GO: Selecting the comparison of interest, the GO database (Molecular Function/Cellular Component/Biological Process), and direction (up regulated or down regulated). It checks the differentially expressed (DE) list of genes against known sets of genes. The background gene list is composed with IDs appeared in the input data. A hypergeometric test is performed. Log odds ratio (log_odds) is calculated as log2((IN/OUT)/(bg_IN/bg_OUT)), where IN and OUT are the number of DE genes in and outside of a gene set of interest, and bg_IN and bg_OUT are the nubmer of other genes in and outside of a gene set of interest. Gene sets used are fetched from the Enrichr API
Pathway enrichment: Same algorithm is used as the Gene Ontology part. Pathway database choices are Hallmark, KEGG and Reactome.

Here shows some results after you clicked the “Run Enrichment” button:

Hallmak

KEGG

GO MF Enrichment

Result table

Results Table: Includes names (Gene names), Protein Ids, Log fold changes/ ratios (each pairwise comparisons), Adjusted p-values (applying FDR corrections), p-values, Boolean values for significance, average protein intensity (log transformed) in each sample.

Download options

Download tables (csv format)

Results: Same as Results Table
Unimputed data matrix: Original protein intensities before imputation in each sample.
Imputed data matrix: Protein intensities after performing selected imputation method
Full results: Combined table of all above data outputs i.e. with and without imputation information, along with fold change and p-values.

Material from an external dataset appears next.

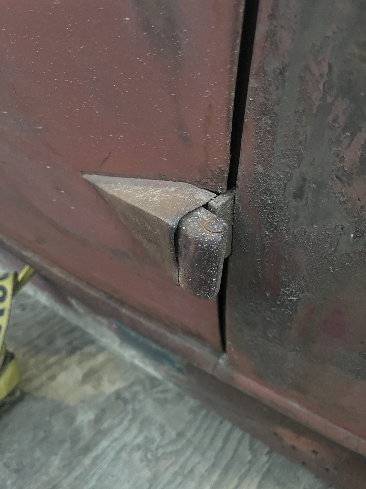 When I get a chance I will post a photo of the “spats” that are on the lower door hinges. They are very distinctive and I hope they jog someone’s memory.

Download Report (word format) A summary report document including some statistics and plots.
Download Plots (PDF format) A PDF document containing all the plots generated during the analysis.

Advanced Options and Details

Differential expression analysis (DE)

As you can see, FragPipe-Analyst functionality relies on differential expression (DE) analysis. Internally, we use a Bioconductor package limma to carry out the DE analysis on each protein. Contrasts are built automatically from condition levels provided by the user allowing the generation of results for all possible comparisons. Multiple test adjustment are done with user specified options (default with “BH”). It also takes into account user defined cutoffs to filter significantly differentially expressed proteins.

Significant protein filtering criteria

Adjusted p-value cutoff: default is 0.05
Log2 fold change cutoff: default is 0.7

Missing value imputation options

No imputation: This is the default setting.
Perseus-type: This method is based on popular missing value imputation procedure implemented in Perseus. The missing values are replaced by random numbers drawn from a normal distribution of 1.8 standard deviation down shift and with a width of 0.3 of each sample.
MLE: Maximum likelihood-based imputation method using EM algorithm.
knn: Missing values replace by nearest neighbor averaging technique
min: Replaces the missing values by the smallest non-missing value in the data.
zero: Replaces the missing values by 0.

False Discovery Rate (FDR) correction option

Benjamin Hochberg (BH) method
local and tail area based: Implemented in fdrtools

In sample data demonstration, we set Adjusted p-value cutoff at 0.05, Log2 fold change cutoff at 1 and Type of FDR correction at Benjamini Hochberg.